Daniel Reis-Faria, CEO of ZeroStack, said in a note that bitcoin’s range-bound trading reflects broader macro indecision rather than crypto-specific weakness.
“Bitcoin staying below the $78,000 mark isn't really about crypto right now, it's about what's happening in the broader market. The Fed holding rates wasn't a surprise, but there is no clear direction on what comes next, and that's keeping investors from stepping in.”
Reis-Faria pointed to ETF outflows and softer demand as symptoms, adding that it does not necessarily indicate institutions are leaving the market—only that they are not increasing exposure at present. He said bitcoin could move higher quickly if money returns, particularly from institutions or through ETFs.

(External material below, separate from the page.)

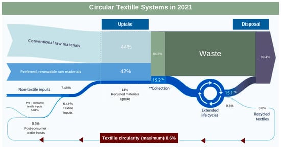 The fashion and textile sector is responsible for a significant environmental impact, being identified as the third largest cause of degradation of water resources and land use in 2020. In that year, to meet the demand for clothing and footwear for each citizen of the European Union (EU), an average of nine cubic meters of water, 400 square meters of land, and 391 kg of raw materials were needed [1]. It is estimated that production in this sector contributes to around 20 per cent of global freshwater pollution, mainly attributable to the chemicals used in dyeing and finishing clothes. In addition, the textile industry is responsible for approximately 10 per cent of global carbon emissions, surpassing the combined contribution of international air and maritime transport. According to data from the European Environment Agency, fashion and textile purchases in the EU in 2020 generated an average of 270 kg of CO2 emissions per individual, totaling around 121 million tonnes of greenhouse gases [1]. Every year, the European population consumes around 26 kilos of textiles, discarding approximately 11 kilos of that total. Although used clothing can be exported outside the EU, the majority (87 per cent) is incinerated or sent to landfill. It is therefore imperative to promote the economic and environmental benefits of prolonged use of textile products, as well as raising awareness of repair and maintenance practices that favor durability. Using high-quality materials, carefully selecting finishes, and offering clear maintenance instructions on labels are essential to empower consumers to make informed decisions during the purchasing process [10]. Textile products, particularly clothing, are made up of a variety of fabrics, materials, and accessories, such as buttons and zips, which include combinations of natural and synthetic fibers, plastics, and metals [11]. This diversity makes sustainable disposal more challenging. The textile industry largely relies on synthetic fibers and petroleum-based polymers, such as polyester, polypropylene, nylon (polyamide 6-6), and acrylic, which account for 63% of global textile fiber consumption. The production and disposal of these fibers is directly related to significant carbon dioxide (CO2) emissions. Natural fibers such as cotton, which account for around 26% of the clothing sector, are highly intensive in water and chemical inputs; the production of just 1 kg of cotton requires between 7000 and 29,000 L of water. In addition, the intensive use of pesticides and fertilizers in cotton cultivation harms biodiversity, impacts water quality, and compromises soil structure [12]. The solid and liquid waste generated by the textile production chain contaminates terrestrial and aquatic environments, with synthetic fibers persisting in the environment for millennia and releasing microplastics that disperse into both the soil and the oceans [13,14]. Textile processes often use highly toxic chemical compounds that pose substantial health risks to workers and aquatic ecosystems. The textile industry emits effluents that compromise water oxygen levels, negatively affecting aquatic biota [15,16,17,18]. In particular, wet processing—which includes fiber preparation, dyeing, printing, and finishing—as well as the production of yarns and fabrics, rely heavily on fossil fuels, contributing both to the emission of pollutants and to the increase in atmospheric CO2. In 2015, the textile sector was responsible for the emission of approximately 1.2 billion tonnes of CO2, with projections indicating an increase of 26% by 2050 [17,19]. The global production of textiles and clothing is on a steady growth trajectory, with an expected acceleration. Clothing sales have almost doubled in the last 15 years [15,18]. In 1975, the global production of textile fibers totaled approximately 23.9 million metric tonnes, rising to 98.5 million tonnes in 2017 and reaching 111 million tonnes in 2019 [10]. Projections suggest that annual consumption of clothing, which was 62 million tonnes in 2019, could reach 102 million tonnes by 2030 and expand to 160 million tonnes by 2050 [10]. According to data released by the European Parliament in 2024, less than half of used clothes are stored for reuse or recycling, with only 1% of used clothes being recycled into new products, given that the technologies that enable this recycling into virgin fibers are still in the development phase [11]. The role of legislators is crucial in promoting increased recycling. In 2022, the European Commission presented a Strategy for the Sustainability of Textiles, which includes extending the useful life of textiles by recycling and reusing materials in new quality products [10]. The Waste Framework Directive requires EU member states to establish separate collection systems for textile waste by the beginning of 2025 and imposes new textile recycling targets. To meet these new regulations, collection, sorting, and recycling infrastructures will need to adapt quickly [11]. In 2022, a McKinsey & Company report entitled “Scaling textile recycling in Europe—turning waste into value” indicated that closed-loop recycling—which involves reusing pre- and post-consumer textile waste to produce new yarns and fabrics—could be applied to between 18% and 26% of raw textile waste in Europe by 2030 [20]. Companies such as Renewcell, Ambercycle, Circ, Gr3n, and Worn Again Technologies are at the forefront of recycling textile waste into new products [21]. Between 2021 and 2022, Textile Exchange published an annual materials market report, highlighting that closed-loop reuse and post-consumer recycling increased from 0.06% to 0.18% of total material use (8623 tonnes) between 2018 and 2020 and to 0.6% of total material use (37,153 tonnes) between 2018 and 2021 [22]. The Sankey diagram shown in Figure 2 shows the division of materials into three main categories: conventional (virgin) materials (44 per cent), renewable materials

Other major tokens were mixed and mostly steady on the week. Ether held $2,310, XRP was at $1.39, and solana traded around $84.57, all close to flat.
Dogecoin was the standout, up nearly 10% on the week to $0.105. Futures open interest hit a year-high earlier in the week.
Heading into next week, the setup remains the same: bitcoin needs a fresh catalyst to break decisively above $78,000. The article cited potential drivers including Fed clarity, ETF re-acceleration, or a Hormuz reopening, noting these factors sit outside the market’s control.